Cluda Driver Has Been Proposed For Mesa, Allowing You To Implement OpenCL On Top Of NVIDIA CUDA

Carol Herbst (Karol Herbst) from Red Hat, involved in the development of Mesa, the Nouveau driver and the OpenCL open stack, suggested a cluda driver implementing the API for inclusion in Mesa href=”https://docs.mesa3d.org/gallium/index.html”>Galliumon top of the CUDA API provided by the proprietary NVIDIA driver. Gallium is used in Mesa to abstract driver development and implement driver-specific software interfaces that are not specific to individual hardware devices. In the context of cluda, computing-related interfaces are implemented that are sufficient to implement the OpenCL specification on top of CUDA.
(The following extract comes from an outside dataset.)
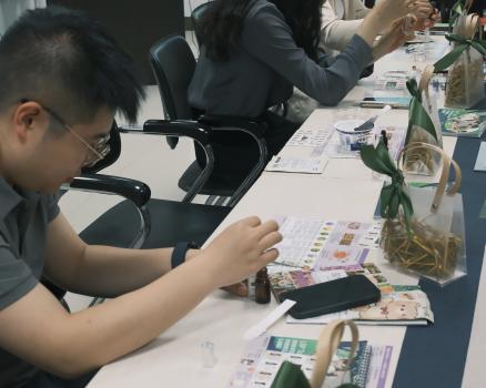 活动伊始,龚静为大家带来了一场关于精油知识的讲座。从精油的天然萃取工艺,到不同精油在舒缓压力、放松肌肉等方面的独特功效,让教职工们对精油有了更深入的了解。

Cluda is expected to help solve problems using OpenCL on top of the proprietary NVIDIA driver. The use of additional binding makes it possible to implement the missing OpenCL extensions that are missing in the NVIDIA stack based on a proprietary driver. cluda uses only the capabilities of the libcuda.so library, which is part of the NVIDIA GPU drivers and is not tied to CUDA runtime. In its current form, the cluda-based OpenCL implementation supports memory operations and allows running compute kernels.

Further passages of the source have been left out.